> Problem:
Once you reach the line with "フルーツトマト「スパルタ生ま" in the material below, copy each line exactly up to and including the line with "2. 如图,在一块长12m、", and skip the pictures.

Segment Start: Information supplied

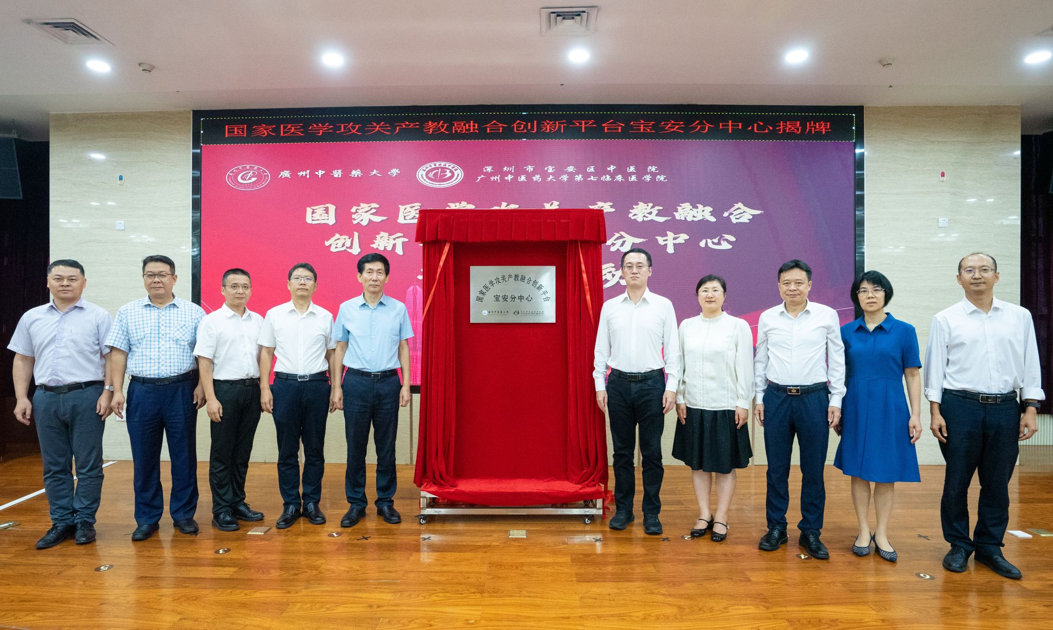 9月23日,国家医学攻关产教融合创新平台宝安分中心落户深圳市宝安中医院(集团),学校党委副书记、校长王伟带队参加揭牌仪式,宝安区人民政府党组成员、副区长李宏涛,深圳市卫生健康委中医处副处长乔诗凝,宝安区卫生健康局党组书记、局长幸思忠及副局长陈桂红出席活动。
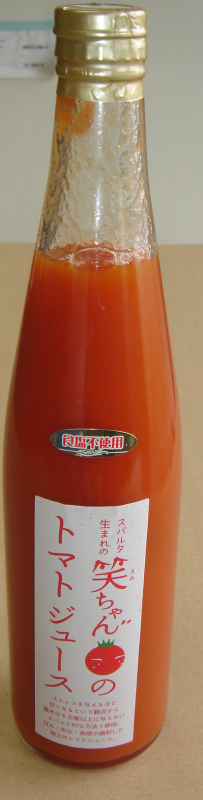 フルーツトマト「スパルタ生まれの笑ちゃん」のみを100%使用して製造され、深い甘みを味わうことができる濃厚なトマトジュースです。
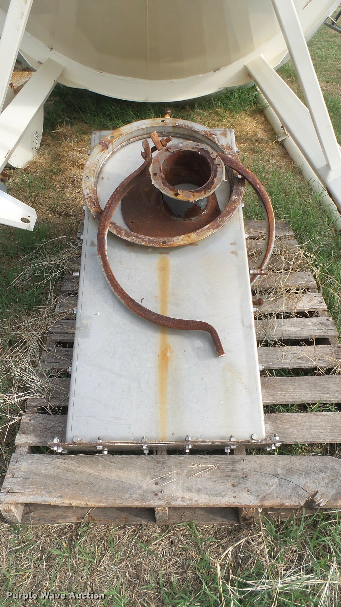 Purple Wave is selling a used Other Grain or Fertilizer Handling in Kansas. This item is a Friesen steel cone bottom grain bin with the following: Approx. 12'W x 23'H, Approx. 40 ton capacity, Pneumatic fill tube, Top flip lid, Access ladder, (4) lifting eyes, Stainless steel auger boot, 3" x 5" legs, Previously used for fertilizer
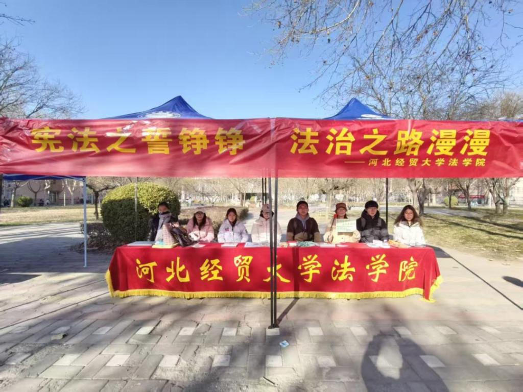 在石家庄市文化广场举办的河北省国家宪法日集中宣传活动中,我院师生充分发挥专业优势,通过展板展示、资料发放、案例解读等形式,向市民普及宪法常识及青少年权益保护相关法律法规。针对校园法治、未成年人保护等热点问题,师生们结合典型案例细致答疑,既传递了宪法权威,又提供了实用法律指引,获得现场群众与同行单位的一致认可。活动期间,省委领导莅临指导,对我院立足专业服务普法的实践举措给予肯定,勉励师生持续发挥高校法学人才与智力优势,推动青少年法治教育走深走实。
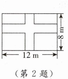 2. 如图,在一块长12m、宽8m的长方形空地上,修建同样宽的两条互相垂直的道路(两条道路各与矩形的一条边平行),剩余部分栽种花草,且栽种花草的面积为$60m^{2}$,则道路的宽应为
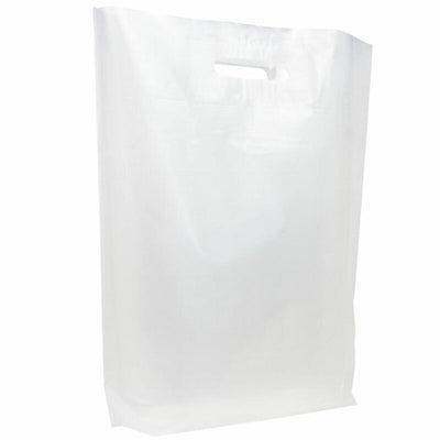 Ontdek de veelzijdigheid en duurzaamheid van onze witte DKT draagtassen. Met een royale afmeting van 37 cm breed en 44 cm hoog, plus een inslag van 2x4 cm, zijn deze tassen ideaal voor het efficiënt vervoeren van diverse producten. De stevige constructie van 50 micron LDPE plastic en het versterkte handvat zorgen voor betrouwbaarheid en gebruiksgemak, perfect voor dagelijks gebruik in kleine kantoren en door zzp’ers.
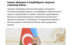 Турецкие информационные агентства Anadolu и İhlas, российские газеты и порталы «Коммерсант», «Комсомольская правда», «Ведомости», «Вести», «Газета», информационное агентство ТАСС, а также арабоязычные порталы Lebanon24 и Al Bayader, ссылаясь на выступление Президента Ильхама Алиева, отметили, что Азербайджан и Армения закрыли главу войны. Глава нашего государства отметил, что для лидера страны, которая на протяжении тридцати лет испытывала страдания, решение остановиться в нужный момент было крайне ответственным и важным шагом. Бесконечные войны привели бы лишь к новым страданиям и жертвам. «Тогда война никогда бы не закончилась. Но кто-то должен был остановить это, и сделать это решили мы. Да, это было совместное решение руководства Армении и Азербайджана закрыть эту главу и посмотреть на возможности для установления мира», - подчеркнул Президент Азербайджана.
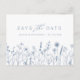 Enkel minimalistisk elegant dammig blå periwinkle modern 'spara datum'-postkort med vilda blommor. Hitta fler matchande designer och variationer i min butik. Kontakta mig gärna för ytterligare anpassning eller matchande artiklar.
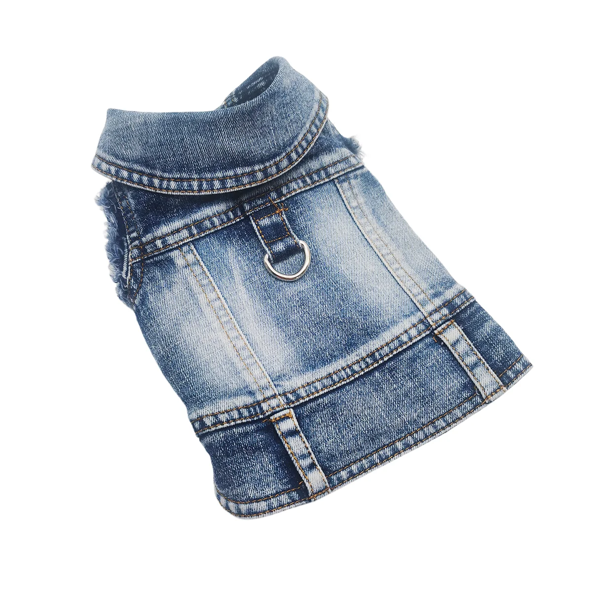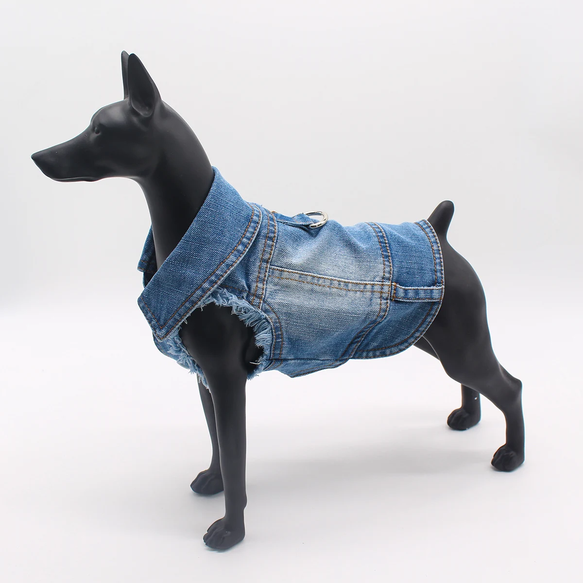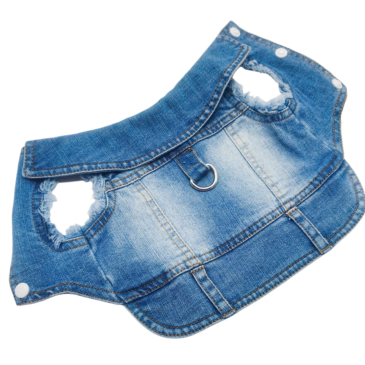 Chaleco con arnés de mezclilla para perros pequeños, ropa para cachorros, chaqueta vaquera, disfraz de Yorkie, caniche, Chihuahua, traje de gato, primavera, XS-XXL
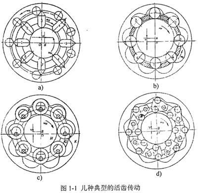 活齒少齒差行星傳動簡稱為活齒傳動,是由K-H-V型少齒差行星齒輪傳動演化而成的一種新型齒輪傳動,并利用一組中間活動件——活齒來傳遞兩同軸間的回轉運動。常見的活齒傳動分為推桿活齒傳動(圖1-la)、滾柱(鋼球)活齒傳動(圖1-1b)、套筒活齒傳動(圖1-1c)、擺動活齒傳動(圖1-ld)等。因為活齒傳動具有結構緊湊、傳動比范圍廣、承載能力大、傳動效率高等優點,所以它一出現就引起科技工作者的廣泛注意。
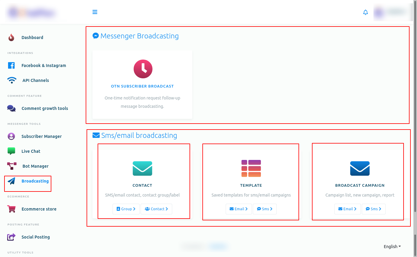 And instantly, will appear a page that is divided into two sections – Messenger Broadcasting and SMS/email Broadcasting. And the SMS/email Broadcasting is divided into three parts — CONTACT, TEMPLATE, and BROADCAST CAMPAIGN.
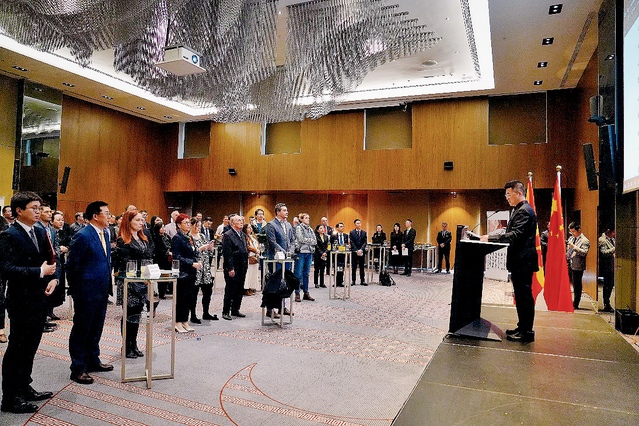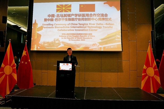 11月18日,驻北马其顿使馆举办中北马政产学研医用合作交流会暨中国—巴尔干生物医药协同创新中心揭牌仪式,张佐大使、斯科普里副市长特拉亚诺夫斯基、校长吴韬、奥赫里德信息和科技大学代表马宁诺等出席并致辞,多地市长、中北马企业、高校、媒体等各界代表170余人出席。张大使表示,中北马双方将在两国领导人战略引领下,共同促进政产学研医用一体化发展交流合作,使发展成果更多惠及两国人民。特拉亚诺夫斯基盛赞中国式现代化成就,欢迎更多中国高校、企业与北马开展合作。吴校长表示,学校愿加强与北马教育、科技合作与交流,积极推进中国长三角和巴尔干半岛在生物医药等领域对接。来宾们共同见证了中国长三角—巴尔干半岛生物医药国际技术转移协同创新中心揭牌仪式。
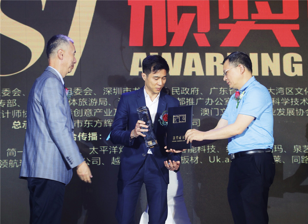△深圳市政協(xié)提案委員會(huì)副巡視員魏威與清華大學(xué)美術(shù)學(xué)院博士生導(dǎo)師張?jiān)?、為上海黑泡泡建筑裝飾設(shè)計(jì)工程有限公司設(shè)計(jì)師代表頒發(fā)“最佳會(huì)所設(shè)計(jì)獎(jiǎng)”

Segment End: Information supplied

> Written solution:
 フルーツトマト「スパルタ生まれの笑ちゃん」のみを100%使用して製造され、深い甘みを味わうことができる濃厚なトマトジュースです。
 Purple Wave is selling a used Other Grain or Fertilizer Handling in Kansas. This item is a Friesen steel cone bottom grain bin with the following: Approx. 12'W x 23'H, Approx. 40 ton capacity, Pneumatic fill tube, Top flip lid, Access ladder, (4) lifting eyes, Stainless steel auger boot, 3" x 5" legs, Previously used for fertilizer
 在石家庄市文化广场举办的河北省国家宪法日集中宣传活动中,我院师生充分发挥专业优势,通过展板展示、资料发放、案例解读等形式,向市民普及宪法常识及青少年权益保护相关法律法规。针对校园法治、未成年人保护等热点问题,师生们结合典型案例细致答疑,既传递了宪法权威,又提供了实用法律指引,获得现场群众与同行单位的一致认可。活动期间,省委领导莅临指导,对我院立足专业服务普法的实践举措给予肯定,勉励师生持续发挥高校法学人才与智力优势,推动青少年法治教育走深走实。
 2. 如图,在一块长12m、宽8m的长方形空地上,修建同样宽的两条互相垂直的道路(两条道路各与矩形的一条边平行),剩余部分栽种花草,且栽种花草的面积为$60m^{2}$,则道路的宽应为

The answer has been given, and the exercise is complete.